An adaptive transfer learning perspective on classification in non-stationary environments
Henry W J Reeve
TL;DR
This work develops an adaptive transfer-learning framework for binary classification under non-stationary label-shift by decoupling estimation of the transformed density ratio $\eta$ from estimation of the current label probability $\pi_n$. It introduces a Legendre-polynomial-based estimator for $\pi_n$ and a local-confidence-bound approach for $\eta$, enabling a fully adaptive plug-in classifier $\hat{\varphi}_n$ without prior knowledge of the dynamics. The authors prove high-probability bounds for single-time-step excess risk and derive average dynamic-regret bounds that accommodate smooth evolution and occasional jumps in label marginals, expressed in terms of $\mathbb{V}(\pi)$ or related variation metrics. The results unify adaptive statistical estimation with sequential decision guarantees, highlighting the merit of an estimation-centered perspective in non-stationary transfer learning. Overall, the paper provides concrete, distribution-dependent error controls and shows that adaptive estimation can match or approach online-dynamic strategies in non-stationary environments.
Abstract
We consider a semi-supervised classification problem with non-stationary label-shift in which we observe a labelled data set followed by a sequence of unlabelled covariate vectors in which the marginal probabilities of the class labels may change over time.

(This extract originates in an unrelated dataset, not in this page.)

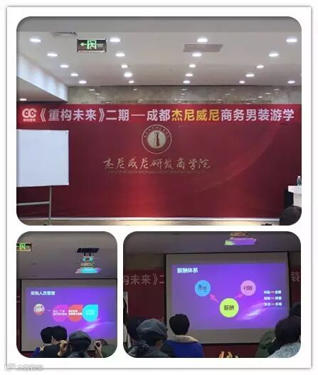 18日正式开始: 9:00—11:00分 学员们在董事长阿喜先生的带领下,参观了杰尼威尼品牌直营店及批发业务版块的9家档口。同时阿喜先生一路分享讲解了高业绩店铺打造的核心关键因素,也为学员们提供了打造高业绩店铺的方法! 11:20—17:10分 学员们来到了杰尼威尼研发商学院,该商学院专为公司员工成长,专注于商品管理、品牌企划、终端流程客户维护、员工领导力和执行力等商业培训,根据公司旗下不同品牌的运营模式制定行之有效的解决方案。 首先先由公司财务总监,十八罗汉之一分享公司数据分析、部门组成体细分工与绩效考核制度。 下午,集团旗下利鲨品牌,罗总监进行了分享:如何带领全国各地特卖场、1800人的分工运营模式!1个半小时的分享,让学员们真正学习到了如何做好店铺同频营销的精髓及指挥千人分工的系统方法! 经过短暂的休息,紧跟着公司第一个员工(元老)岳海生总监分享了:落地执行管理、供应链管理及学习落地生根方法。通过岳总的分享,也让学员们领悟到落地很难,但一步一步践行,总有落地生根的方法。 17:20—18:40分 由公司董事长阿喜先生分享了公司成长历史及分红机制,简称阿喜模式:“不能让客户赔钱,不能让员工没钱” 让所有的学员们在企业经营方面大开眼界,叹为观止! 21:00—23:30分 经过了一天的参观学习,学员们聚集在一起,进行了热烈的讨论! 接下来,学员们又举办了《重构未来》私董会必备的项目“洗衣服”; 提问:剑锋所指,招招犀利! 确认问题:一阵见血,一刀封喉! 提建议:真诚谏言,良药苦口! 问题持有者:亡羊补牢,为时未晚!

Our objective is to predict the corresponding class-label for each covariate vector, without ever observing the ground-truth labels, beyond the initial labelled data set. Previous work has demonstrated the potential of sophisticated variants of online gradient descent to perform competitively with the optimal dynamic strategy (Bai et al. 2022). In this work we explore an alternative approach grounded in statistical methods for adaptive transfer learning. We demonstrate the merits of this alternative methodology by establishing a high-probability regret bound on the test error at any given individual test-time, which adapt automatically to the unknown dynamics of the marginal label probabilities. Further more, we give bounds on the average dynamic regret which match the average guarantees of the online learning perspective for any given time interval.